Output exactly the lines of the listing below that run from the line with "冠能(PRO PLAN)猫粮 成猫猫粮" through the line with "ボッチャ大会では、病棟対抗で". No pictures.

--------------------------------------------------

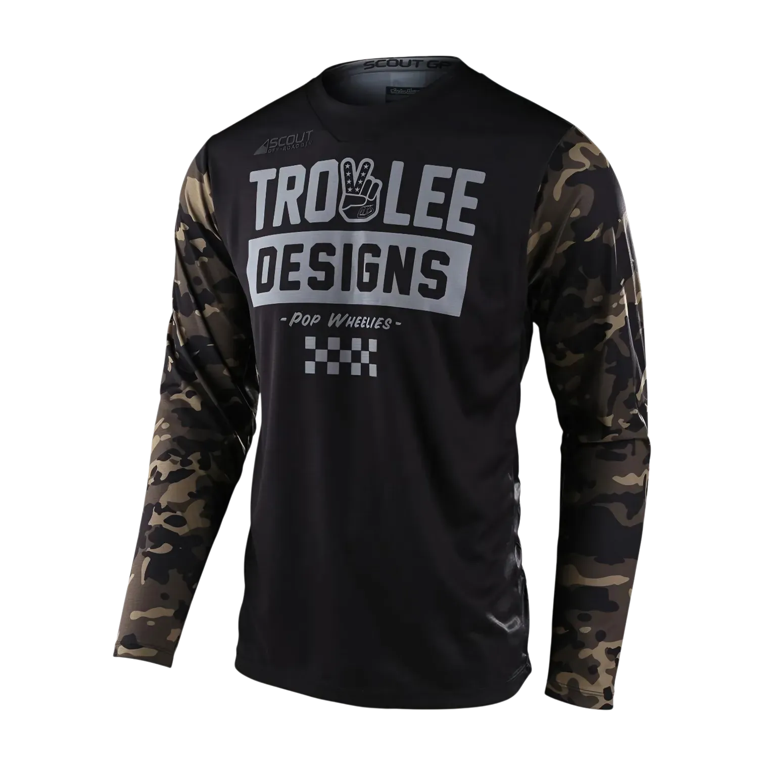 JERSEY TLD SCOUT GP PEACE & WHEELIES CAMO GREEN
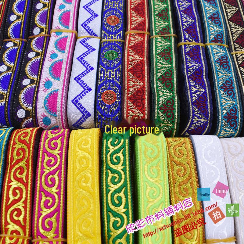 Этническая кружевная жаккардовая вышитая лента, красная, 2 см - аксессуар для сценических выступлений и одежды для DIY
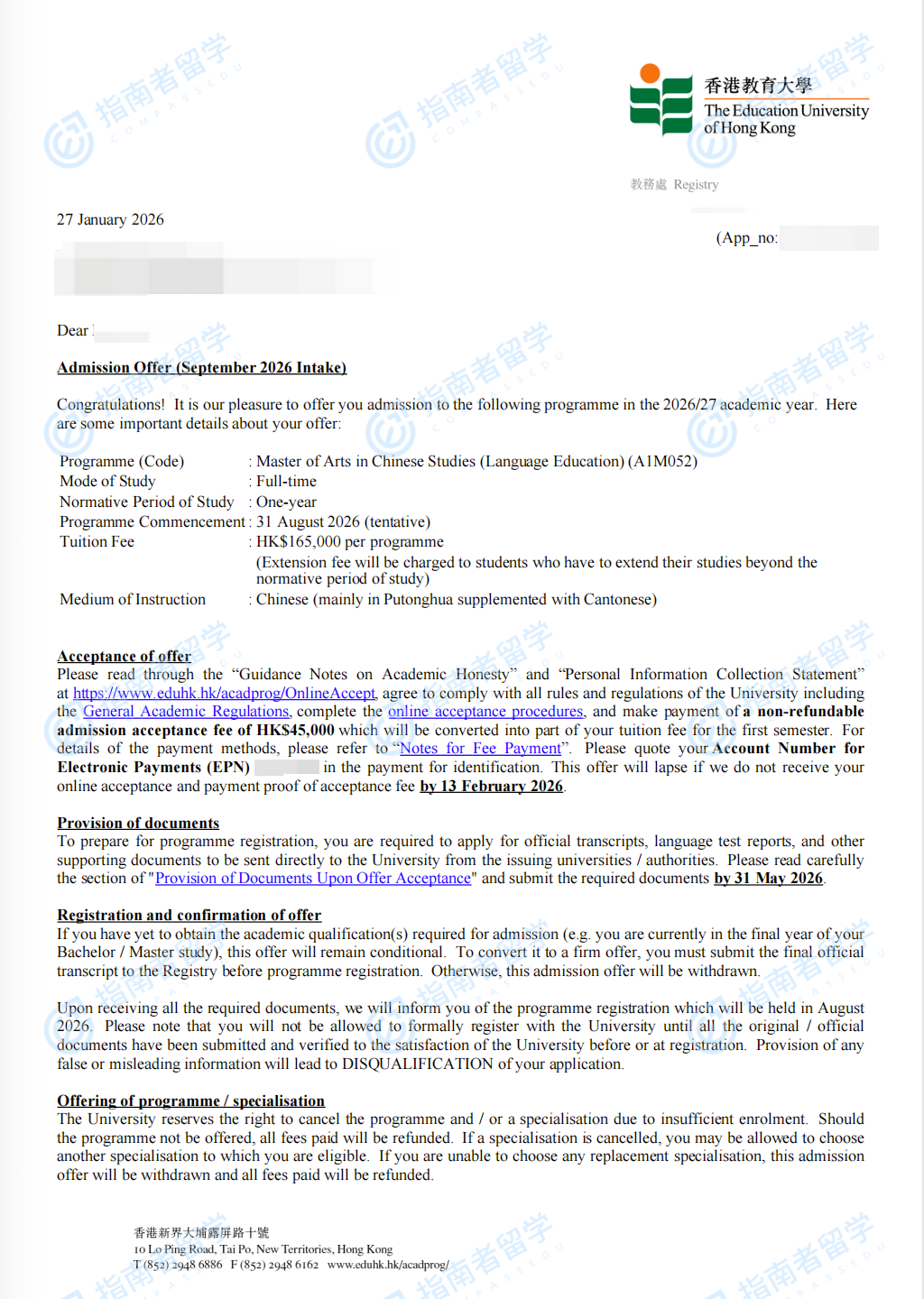 香港教育大学中文研究文学硕士(语文教育)研究生offer一枚
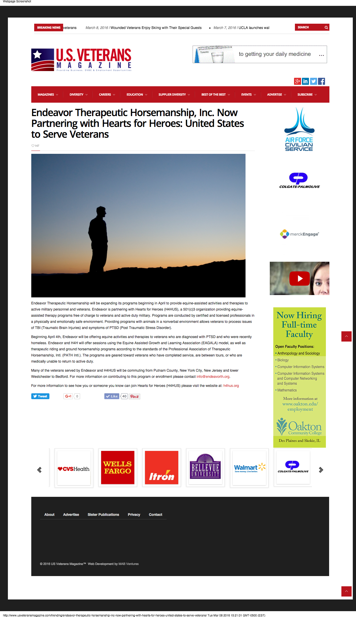 U.S. Veterans Magazine featured Endeavor in March, 2016.
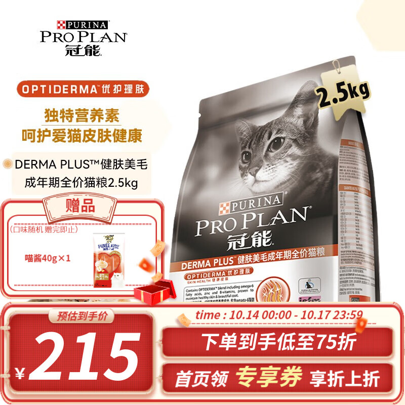 冠能(PRO PLAN)猫粮 成猫猫粮 皮肤呵护控制长毛 皮肤病专用2.5kg 2.5kg
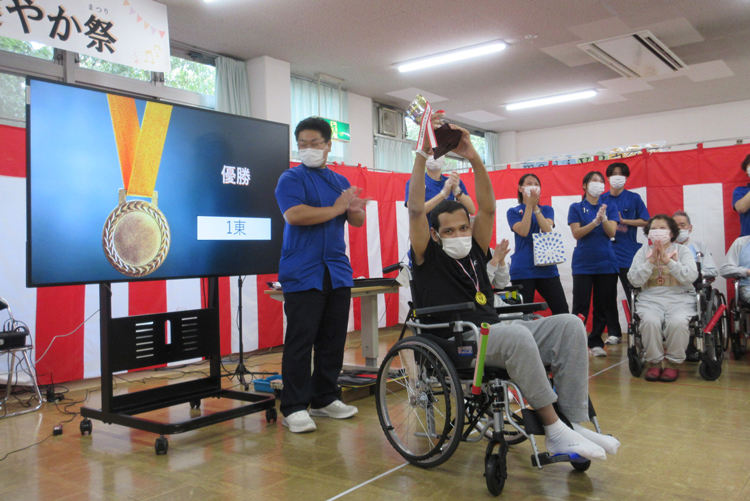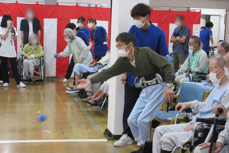 ボッチャ大会では、病棟対抗でボッチャを行いました。トーナメント表を使用し、チーム一丸となって優勝を目指しました。大きな歓声が上がるほど患者様もご家族様も盛り上がっていました。
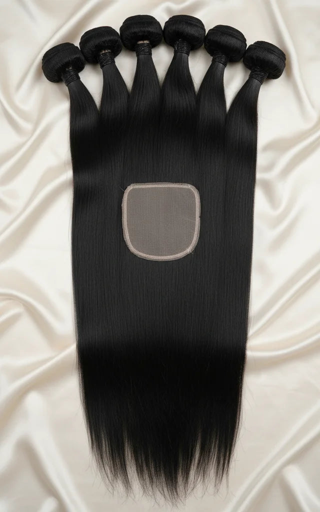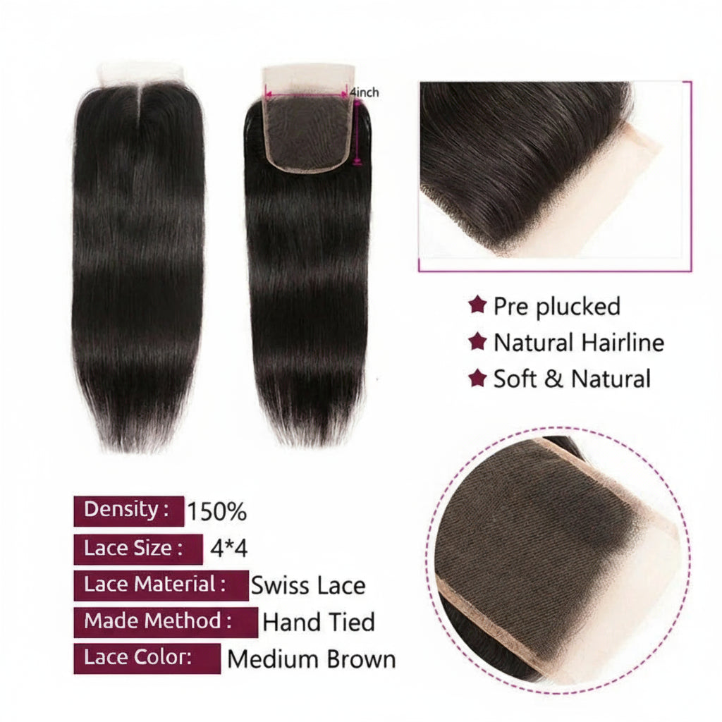 Elevate your hair game with authentic Brazilian straight hair bundles crafted from 100% unprocessed Remy hair. This premium collection includes three weft bundles paired with a 4x4 lace closure for a seamless, natural-looking installation. The straight texture takes chemical processing beautifully—perm it to your desired style with confidence. These bundles are free from harsh chemicals and accept darker dye colors for customization. Whether you're seeking length, volume, or a complete transformation, this versatile set delivers the quality and flexibility you deserve for flawless results.
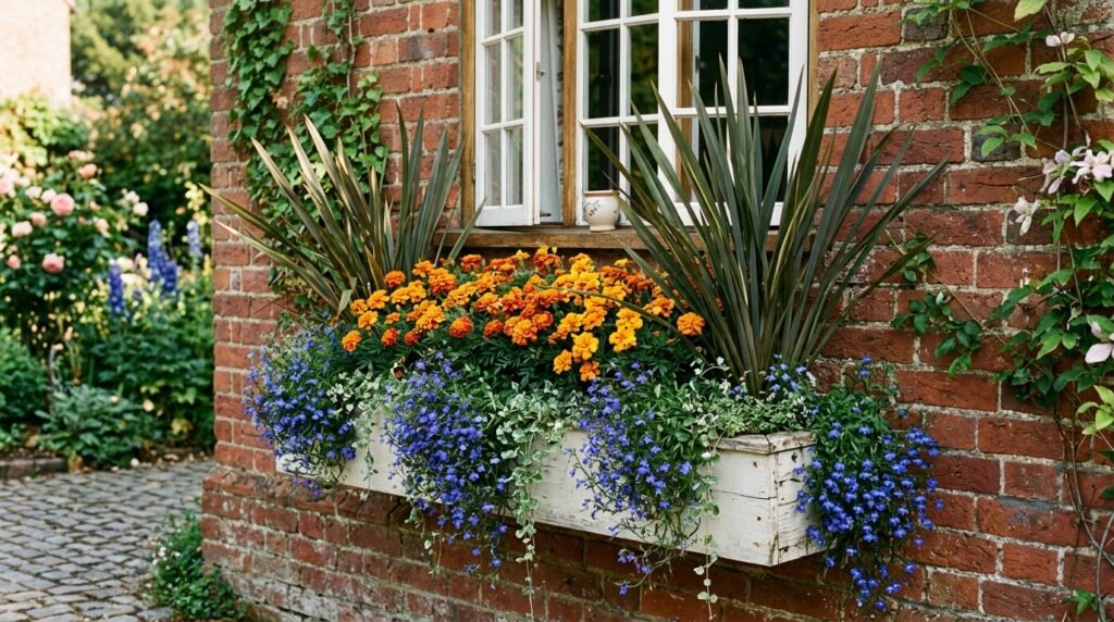 Before you scroll: If you want the single fastest upgrade, go straight to Idea #3 — the Thriller/Filler/Spiller formula. It’s the most reliable framework in window box gardening, and once you understand it, every window box you plant will look more intentional.
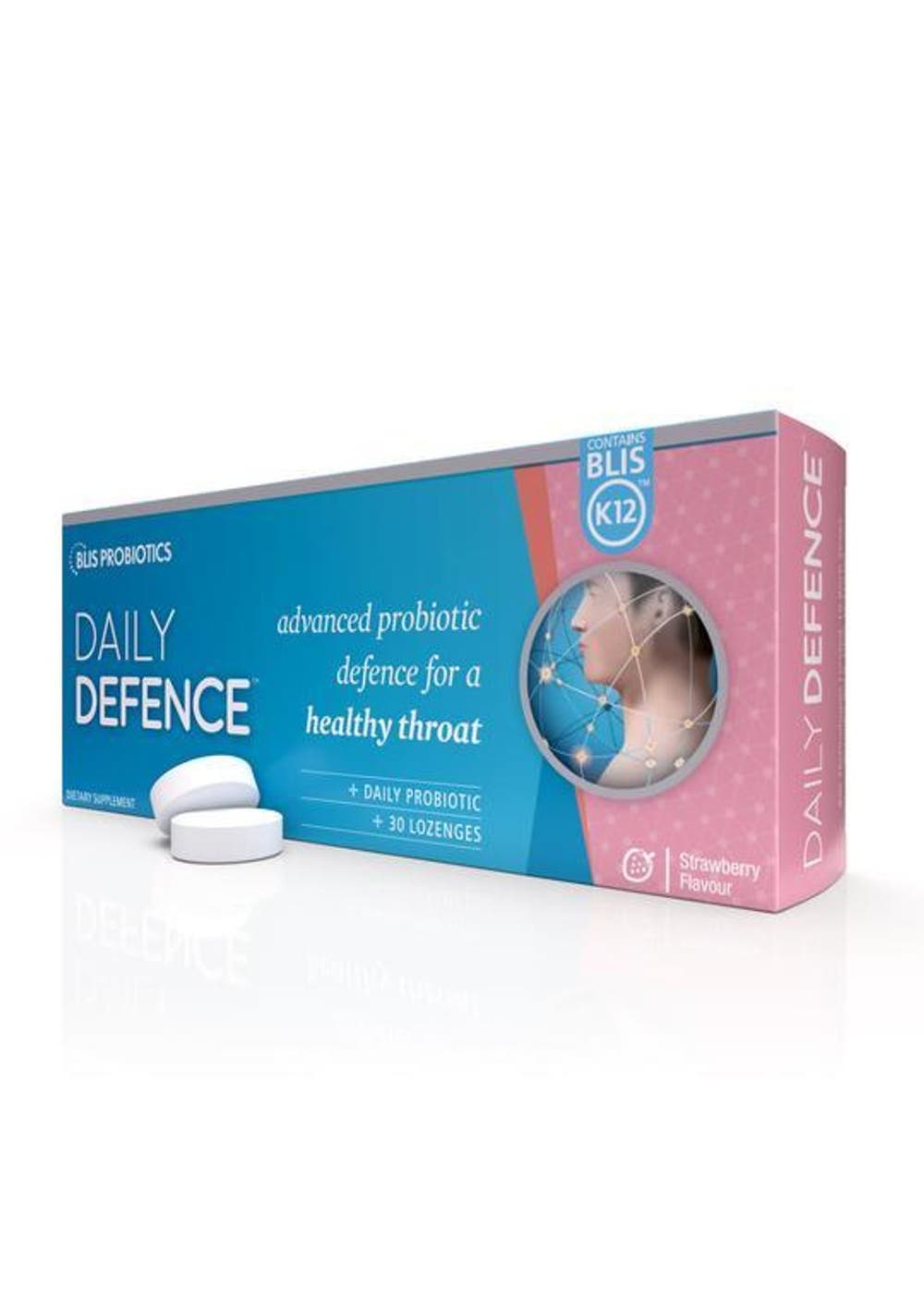 Guarding the gateway to good health Immunity support for your body starts at the mouth and throat. Your mouth and throat (oral cavity) is home to billions of bacteria. Every day, the things you eat, drink and breathe introduce new bad bacteria that attempt to displace the natural and beneficial bacteria of your oral cavity. This can cause a change or imbalance of the beneficial bacteria in the mouth and throat, which can affect your overall health and wellbeing. DailyDefence with BLIS K12™ is a scientifically developed oral probiotic that helps support and protect your natural immune system at the gateway to your body – the mouth and throat. BLIS K12™ is a new generation of advanced oral probiotics, developed from a special strain of beneficial bacteria called Streptococcus salivarius that is found to occur naturally in the healthy mouths & throats of adults and children. Directions For best results, slowly dissolve one lozenge on the tongue, 1-2 times a day, ideally after brushing teeth. In times of high need, take a maximum of 4 lozenges per day. DailyDefence works best if eating or drinking can be avoided for at least 30 minutes after taking. The longer BLIS K12™ is in your mouth, the better the colonisation will be and more bad bacteria can be crowded out. Recommended for ages 3 and over. DailyDefence can be taken during pregnancy and while breastfeeding. Do not take DailyDefence while taking antibiotics. If you have an immune compromised condition, please seek your doctor's advice before taking this product. Ingredients (per dose) Isomalt, Tableting Aids, Natural Flavour, Streptococcus salivarius K12 (contains at least 1.25 billion cfu/dose at the date of manufacture), Natural Flavour. Made on equipment that also processes milk and soy. Store below 25°C.

--------------------------------------------------

*Reply*.
 冠能(PRO PLAN)猫粮 成猫猫粮 皮肤呵护控制长毛 皮肤病专用2.5kg 2.5kg
 ボッチャ大会では、病棟対抗でボッチャを行いました。トーナメント表を使用し、チーム一丸となって優勝を目指しました。大きな歓声が上がるほど患者様もご家族様も盛り上がっていました。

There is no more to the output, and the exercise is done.